I then remembered reading Eric Stevens (and others) mentioning about sometimes crud gets in the voice coil gap and causes issues... and that simply using some masking tape doubled over and run through the gap is a simple fix.

So I opened the drivers up and gave the diaphragms a visual inspection: no sign of tear to the mylar (BMS 4552nd) or coil damage.
I then cleaned the gaps, reassembled the drivers and remeasured.

Voila!

#2764 Post cleaning:
[url=https://imgur.com/yFqUkqr][/URL]

MUCH Better! 

#2763 Post cleaning:
[url=https://imgur.com/eB8Qudw][/URL]

Not as dramatic, but still a change.

Anyhow...

Some of this is likely to be old hat to the longtime veteran horn users, but I had not seen any actual measurements of before and after, so hopefully this is helpful to some of the "new to horn" users.

Cheers!
Charles


----------



## oabeieo (Feb 22, 2015)

Aah the 4552nd 

What a transparent little guy , I haven’t played my set in awhile, I have 16ohm seso they don’t get loud enough unless there bridged on a 700w 4ch 


So I just keep the 2408h installed and keeps me happy , they play to 1k so I’m happy. 
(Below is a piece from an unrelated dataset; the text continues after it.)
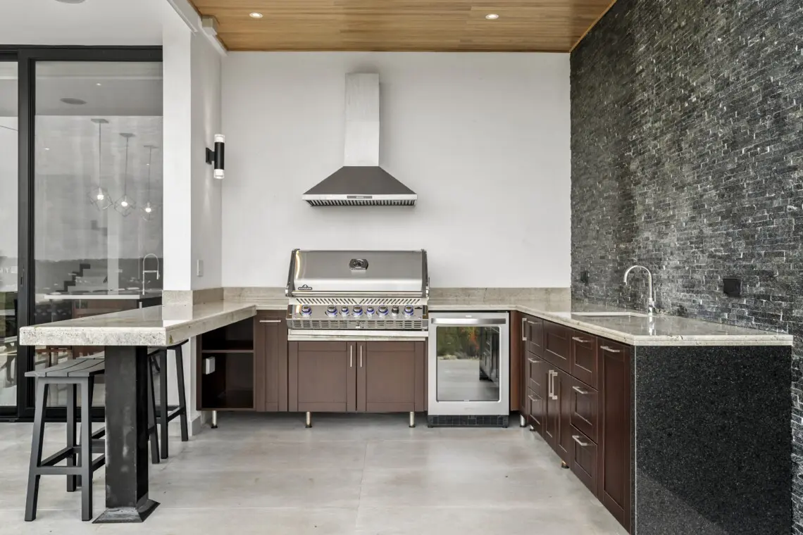 Step outside to the main floor terrace that spans the length of the home. There is a covered outdoor kitchen with an additional dual-zone bar fridge, a massive professional 42″ Napoleon gas BBQ, and bar seating for 3 plus a dining table for 6. A comfortable lounge area includes a sofa and 2 chairs that sit in the shade under the terrace overhang. Beyond that are 6 lounge chairs, all surrounding the infinity-edge, pool. NEW in June 2024 – a pool heater has been installed for guests’ comfort. The terrace also has an outdoor shower, half bath, and a large grassy area perfect for reading a book or lounging in the afternoon sun.

I might just put them back on for a test spin


----------



## Patrick Bateman (Sep 11, 2006)

I seriously love my WT3. It's amazing how quickly you can troubleshoot a problem with an impedance sweep.

The only tool I've bought three times, and I think I'm going to get in on the pre-order for their new one. It's supposed to address the fundamental problem of the WT3, which is that it sucks for measuring subs.


----------



## Blu (Nov 3, 2008)

Patrick Bateman said:


> I seriously love my WT3. It's amazing how quickly you can troubleshoot a problem with an impedance sweep.
> 
> The only tool I've bought three times, and I think I'm going to get in on the pre-order for their new one. It's supposed to address the fundamental problem of the WT3, which is that it sucks for measuring subs.


They are a nifty little device for sure.

Was wondering if the new one would be worth dropping the coin on vs what I already have... but if it does indeed work better for measuring subs, that would tip the scales in favour of the purchase.


----------